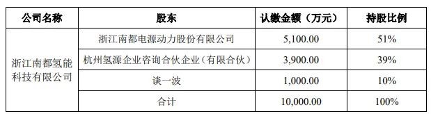 公告显示,本次南都氢能的注册资本为人民币10,000万元,其中,南都电源认缴出资 5,100万元,占注册资本的 51%;氢源合伙企业认缴出资3,900万元,占注册资本的39%;谈一波认缴出资1,000万元,占注册资本的10%。
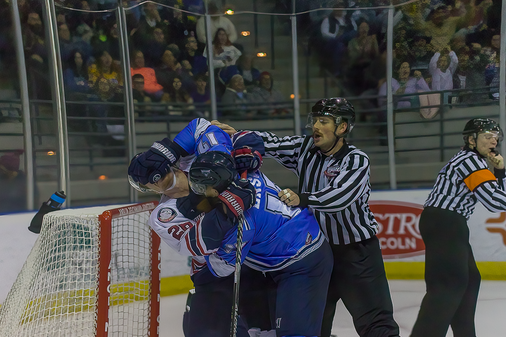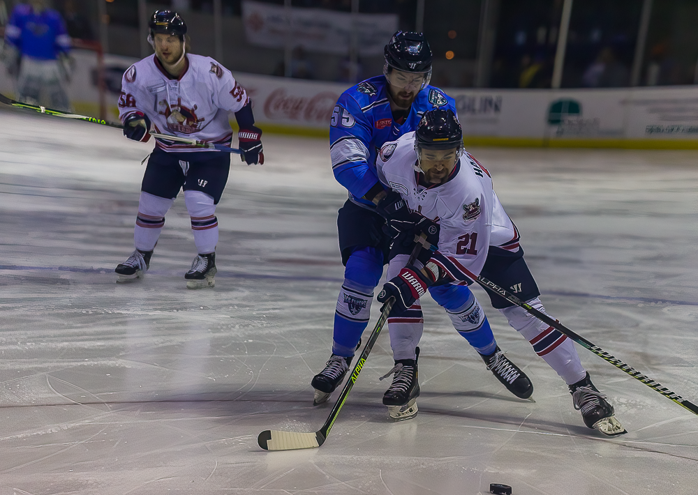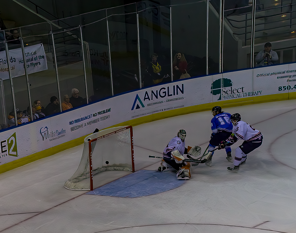 Despite out-shooting the Ice Flyers 14-9 in the middle period, the Rivermen could not find the equalizer in the second. Both teams struck the post, the Rivermen on an even-strength backhanded shot, the Ice Flyers on a short-handed rush.
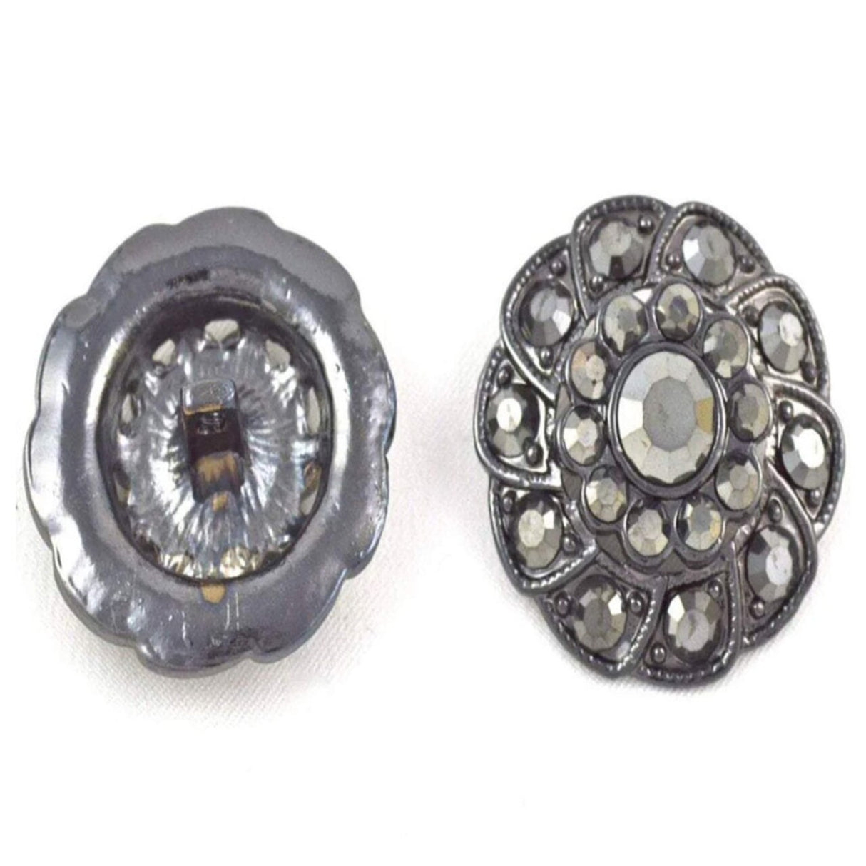 This elegant gunmetal button features classic-cut charcoal rhinestones set in a durable metal base with a metal shank backing. Perfect for enhancing garments, bridal bouquets, or accessories with a sophisticated sparkle. Designed for lasting quality and tested for durability. Size: 1 1/8"" (27mm, 44Ligne).
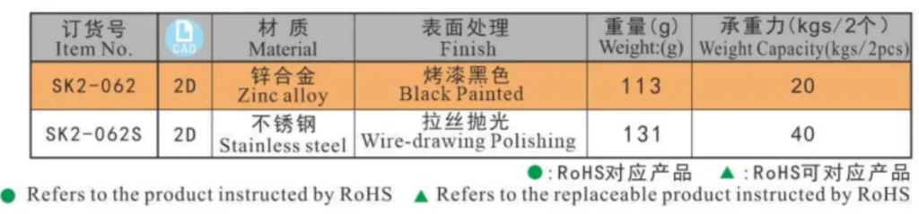 - Zinc Alloy(ZDC),Stainless Steel(SUS304)
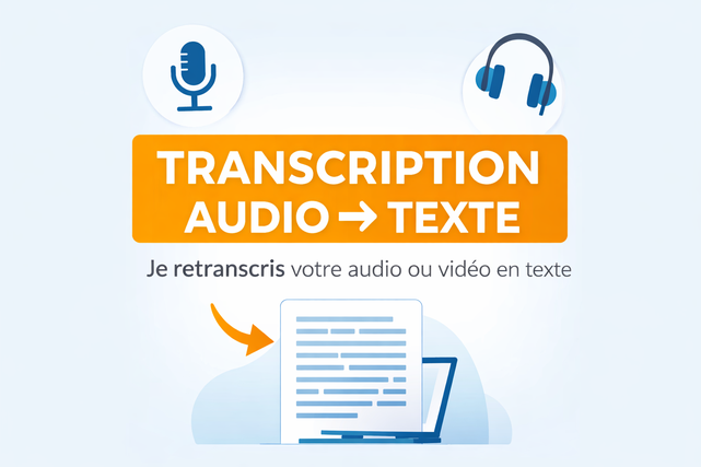 Vous avez un enregistrement à transformer en texte ? Je peux vous aider rapidement et avec sérieux. Je retranscris différents types d’audio ou de vidéos : interviews, podcasts, réunions, conférences, notes vocales ou vidéos YouTube.
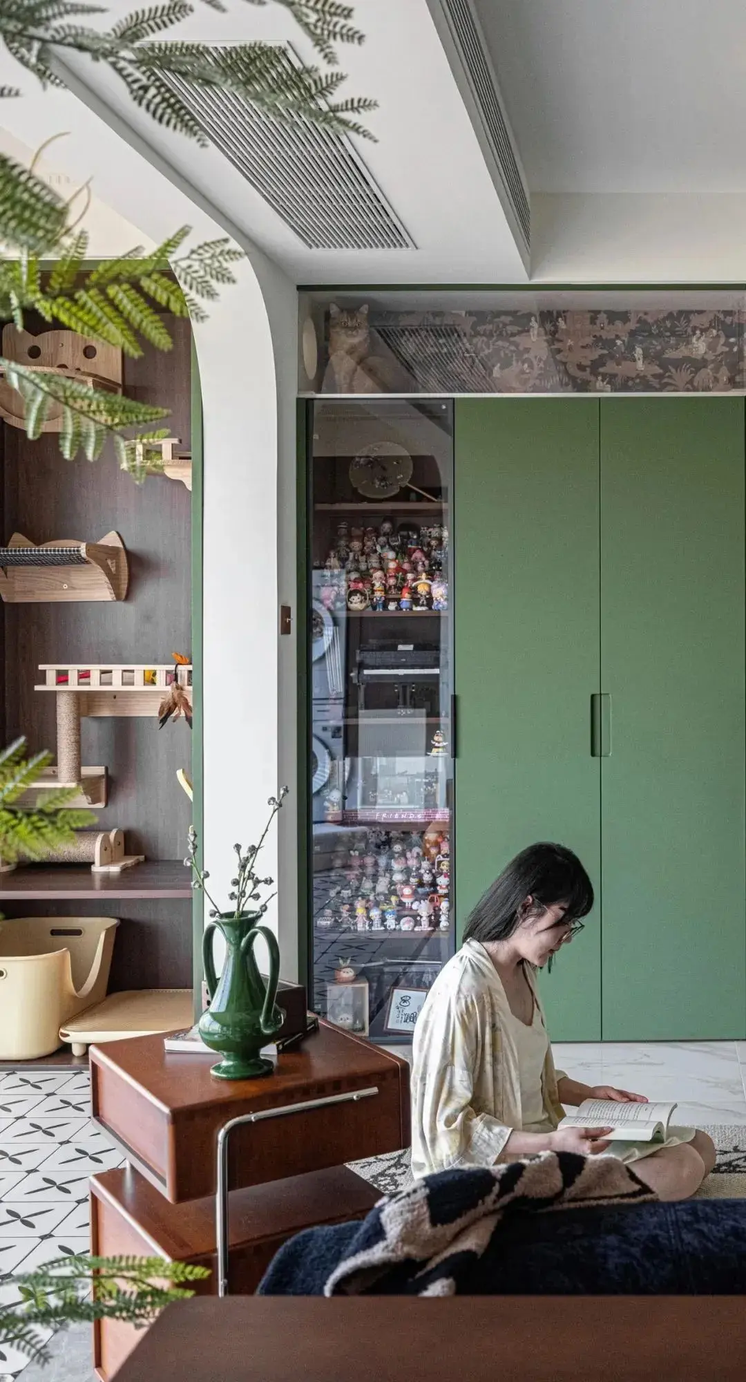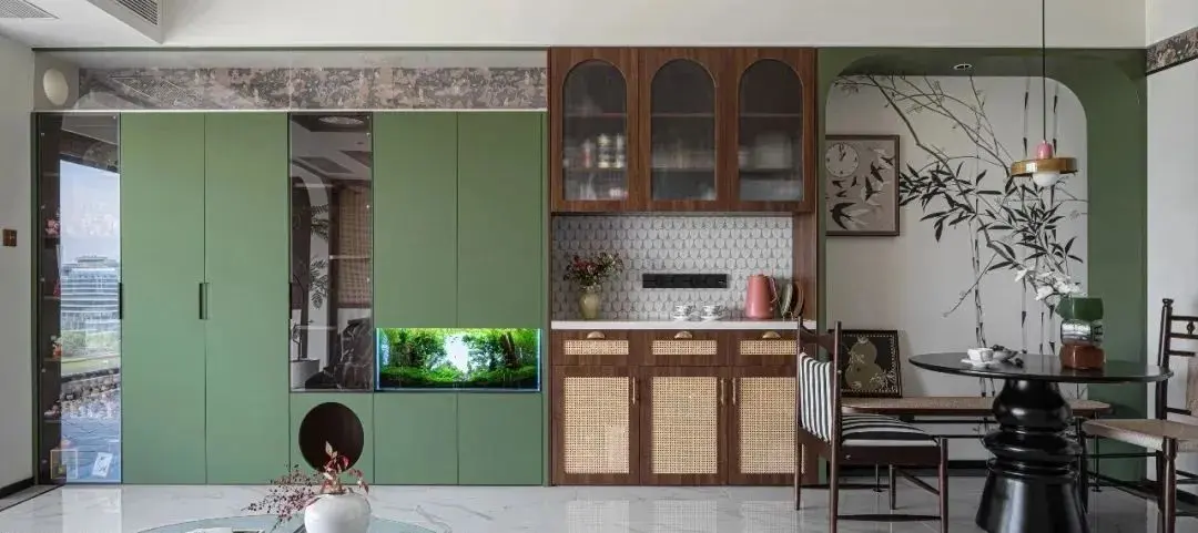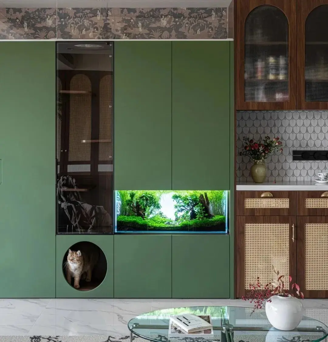 在柜体内置入猫爬架和鱼缸,这样的多功能设计有效地利用了空间,同时满足宠物猫的攀爬习性和观赏鱼的需求。橄榄绿的配色独特且富有深度,营造出复古高雅的氛围。

Problem requirements:
Reproduce every entry exactly, but omit each picture.

Exercise answer:
 公告显示,本次南都氢能的注册资本为人民币10,000万元,其中,南都电源认缴出资 5,100万元,占注册资本的 51%;氢源合伙企业认缴出资3,900万元,占注册资本的39%;谈一波认缴出资1,000万元,占注册资本的10%。
 Despite out-shooting the Ice Flyers 14-9 in the middle period, the Rivermen could not find the equalizer in the second. Both teams struck the post, the Rivermen on an even-strength backhanded shot, the Ice Flyers on a short-handed rush.
 This elegant gunmetal button features classic-cut charcoal rhinestones set in a durable metal base with a metal shank backing. Perfect for enhancing garments, bridal bouquets, or accessories with a sophisticated sparkle. Designed for lasting quality and tested for durability. Size: 1 1/8"" (27mm, 44Ligne).
 - Zinc Alloy(ZDC),Stainless Steel(SUS304)
 Vous avez un enregistrement à transformer en texte ? Je peux vous aider rapidement et avec sérieux. Je retranscris différents types d’audio ou de vidéos : interviews, podcasts, réunions, conférences, notes vocales ou vidéos YouTube.
 在柜体内置入猫爬架和鱼缸,这样的多功能设计有效地利用了空间,同时满足宠物猫的攀爬习性和观赏鱼的需求。橄榄绿的配色独特且富有深度,营造出复古高雅的氛围。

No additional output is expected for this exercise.